As we reach the end of the year, we enter into the holiday season. We also enter into the season of College Football Bowl Games, over two dozen of them every year. The Rose Bowl is nicknamed "The Granddaddy of Them All," because it is the oldest of all the current bowls, taking place every year since 1916 and originating in the 1902 "Tournament East-West" football game in Pasadena, California as part of the Tournament of Roses (which also included the Rose Parade). When the stadium known as the Rose Bowl was introduced in 1923, the name of the game changed from "Tournament East-West" to "The Rose Bowl Game." The Rose Bowl became so famous that all other bowls take their names from it, even if they do not actually take place in bowl stadiums such as the Rose Bowl. So the Rose Bowl well deserves it reputation as the "Granddaddy of Them All," as it is clear that all other current bowls were based on the success of the Rose Bowl. However, was the 1902 "Tournament East-West" game actually the first postseason "bowl game,” as is often claimed?

Read on to find out!

 

The answer is a bit tricky, but ultimately I believe that the answer is no.

Thomas Bayne, a New Orleans native who had played football for Yale during the 1880s, brought intercollegiate football to New Orleans with a special game played on New Year's Day in 1890 at Sportsman's Park in New Orleans. Bayne brought together players from all over the East Coast to form two teams dubbed "Yale" and "Princeton" (then two of the most famous football programs in the country) who played against each other. The game was scoreless throughout most of the game before ending in a 6-0 "Yale" victory (the game ended following the point after the touchdown, as the only ball was kicked out of the stadium on the point after - touchdowns were worth five points back then). The same day that this "Yale"/"Princeton" game took place, the first Tournament of the Roses was held - a full twelve years before football was added to the program.

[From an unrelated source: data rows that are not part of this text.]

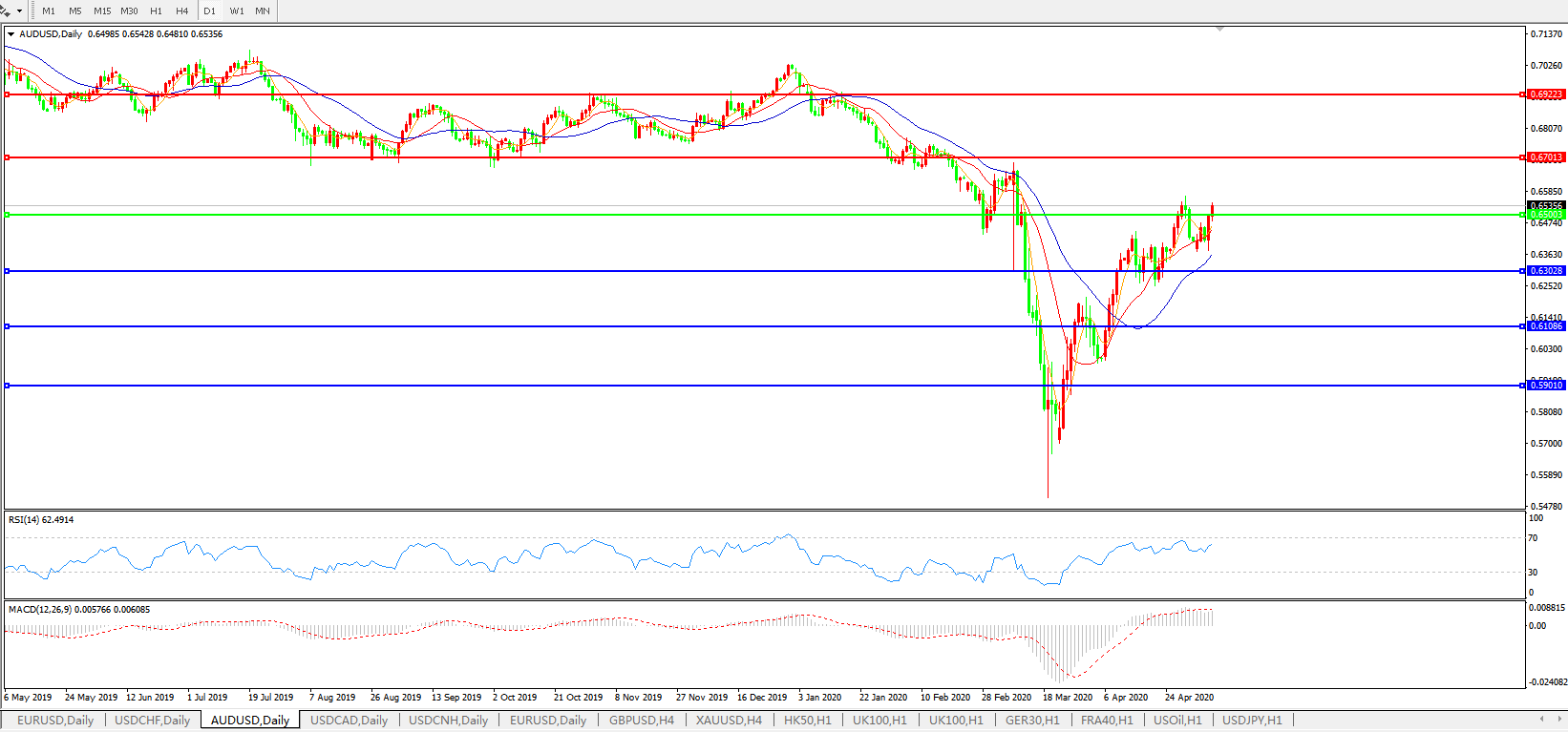 澳元兑美元AUDUSD    日线图:
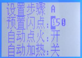 1、設(shè)置步驟應(yīng)設(shè)置為A狀態(tài),自動點火為開狀態(tài),自動加熱為開狀態(tài)。
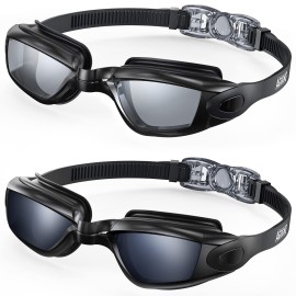 Aegend Swim Goggles, 2 Pack Swimming Goggles No Leaking Adult Men Women Youth, UV Protection, Anti Fog, Light Black & Deep Black

On New Year's Eve, 1892, Bayne was at it again, only this time aided by his brother, Hugh, in organizing a special game between players from Louisiana against players from Alabama. The success of this game led to Bayne organizing football as a sport at Tulane University. Soon, Louisiana State University picked up the sport, as well (Tulane and LSU had a celebrated match against each other in 1893 that, due to LSU's coach being indisposed, saw Bayne coach both sides!) and college football in Louisiana was well on its way to prominence.

Bayne's informal games were more like All-Star Games, though, so I could see an argument being made that they can be differentiated from the idea of a "bowl game." However, the same cannot be said for Adolph Stagg's University of Chicago team. In 1984, Stagg's Chicago Maroons played a New Year's Day game against Notre Dame (like Bayne's New Year's Games jump-started New Orleans college football, so, too, did these early matches jump-start Notre Dame's football legacy). Stagg then took his team to California later that year (in a sort of nationwide tour demonstrating how good the University of Chicago's football team was) to defeat Stamford in a game on Christmas Day and then the San Francisco Reliance Athletic Club on New Year's Day 1895.

While clearly none of these games were dubbed "bowl games," it seems fairly evident that the idea of playing postseason games on New Year's Day pre-dated the first New Year's Day Game in Pasadena by a number of years. Again, this does not take away from the importance of the Rose Bowl. Clearly, it took the idea and made it into a tradition with a capitol T. It deserves all the accolades it gets for establishing the popularity of postseason games. It just was not the first instance of these sort of games occurring.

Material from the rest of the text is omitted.